_WHAT NEEDS TO BE DONE:_
Your task is to retype, word for word, the lines from the start of the data through the line holding "طوكيو - (جيجي". Do not include the pictures.

_DATA PROVIDED:_
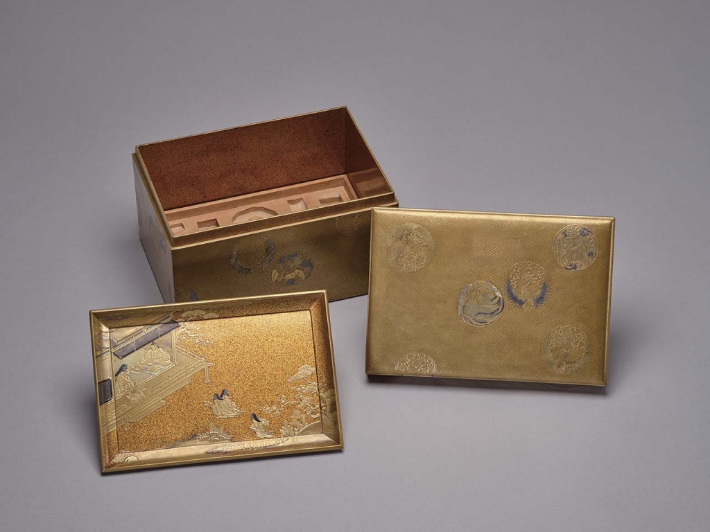 明清以來,北京故宮博物院院藏大量古代日本漆器文物,其中描金漆是日本工藝中成就最高的種類,享譽世界。描金漆,又稱日本蒔繪,是用金粉和漆塗繪於漆器上的一種特殊裝飾技藝。描金工藝起源於中國,於隋、唐之際傳入日本,15至16世紀日本在蒔繪工藝取得了很大的發展。清朝宮廷造辦處自雍正時期起,即已使用洋漆作為盒面裝飾,在《清宮內務府造辦處檔案》中有諸多關於「洋漆」的記載。
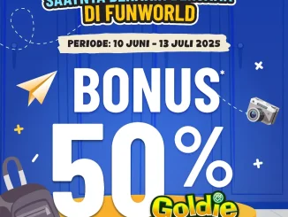 Promo Funworld Liburan Akhir Tahun Bonus 75% Goldie dan Lucky Dip, main makin seru dengan bonus ekstra, berlaku mulai tanggal 15 Desember 2025 – 4 Januari 2026 di seluruh outlet.
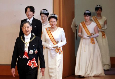 طوكيو - (جيجي برس)-- استقبل الإمبراطور الياباني ناروهيتو والإمبراطورة ماساكو تحيات العام الجديد من أفراد العائلة الإمبراطورية وزعماء البلاد، بما في ذلك رئيس الوزراء إيشيبا شيغيرو، خلال حفل رسمي أقيم في القصر الإمبراطوري بطوكيو صباح الأربعاء.
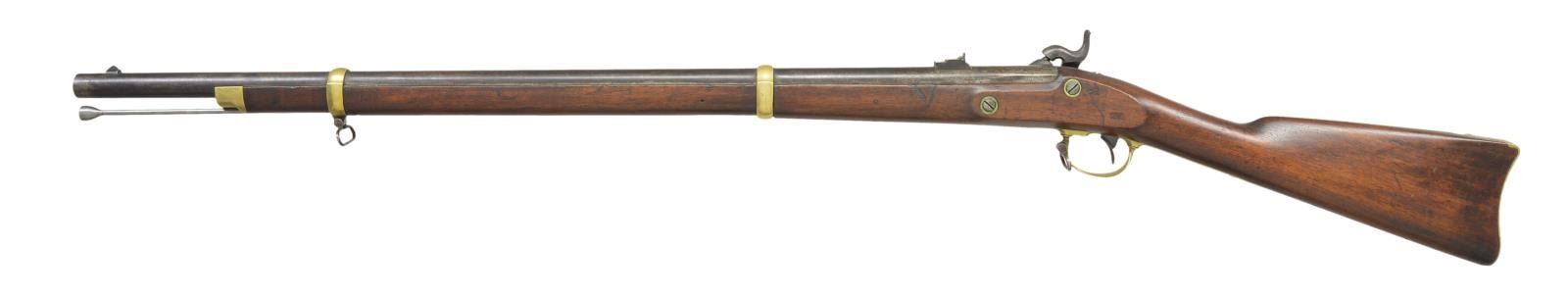 Cal. 58. NSN. Standard configuration of the popular brass mounted Civil War rifle, 33" blued barrel marked at breech "1863” & “V” / “P” & eaglehead proofs. "STEEL" at left side. 2-leaf 3-position rear sight and saber bayonet lug. Case colored lock stamped with eagle and “REMINGTON’S / ILION, NY” and “1863 at tail. Brass furniture and straight grain stock with 2 inspector cartouches. This rifle saw some use, additional “US” stamp on top of breech. CONDITION: Very good overall, complete & matching. Iron & brass patinas. Stock is solid, hand worn patina. PROVENANCE: From the Lifelong Collection of Glen E. Mattox. (01-22512/JS). $2,000-2,500.

_ANSWER FOR THE TASK:_
 明清以來,北京故宮博物院院藏大量古代日本漆器文物,其中描金漆是日本工藝中成就最高的種類,享譽世界。描金漆,又稱日本蒔繪,是用金粉和漆塗繪於漆器上的一種特殊裝飾技藝。描金工藝起源於中國,於隋、唐之際傳入日本,15至16世紀日本在蒔繪工藝取得了很大的發展。清朝宮廷造辦處自雍正時期起,即已使用洋漆作為盒面裝飾,在《清宮內務府造辦處檔案》中有諸多關於「洋漆」的記載。
 Promo Funworld Liburan Akhir Tahun Bonus 75% Goldie dan Lucky Dip, main makin seru dengan bonus ekstra, berlaku mulai tanggal 15 Desember 2025 – 4 Januari 2026 di seluruh outlet.
 طوكيو - (جيجي برس)-- استقبل الإمبراطور الياباني ناروهيتو والإمبراطورة ماساكو تحيات العام الجديد من أفراد العائلة الإمبراطورية وزعماء البلاد، بما في ذلك رئيس الوزراء إيشيبا شيغيرو، خلال حفل رسمي أقيم في القصر الإمبراطوري بطوكيو صباح الأربعاء.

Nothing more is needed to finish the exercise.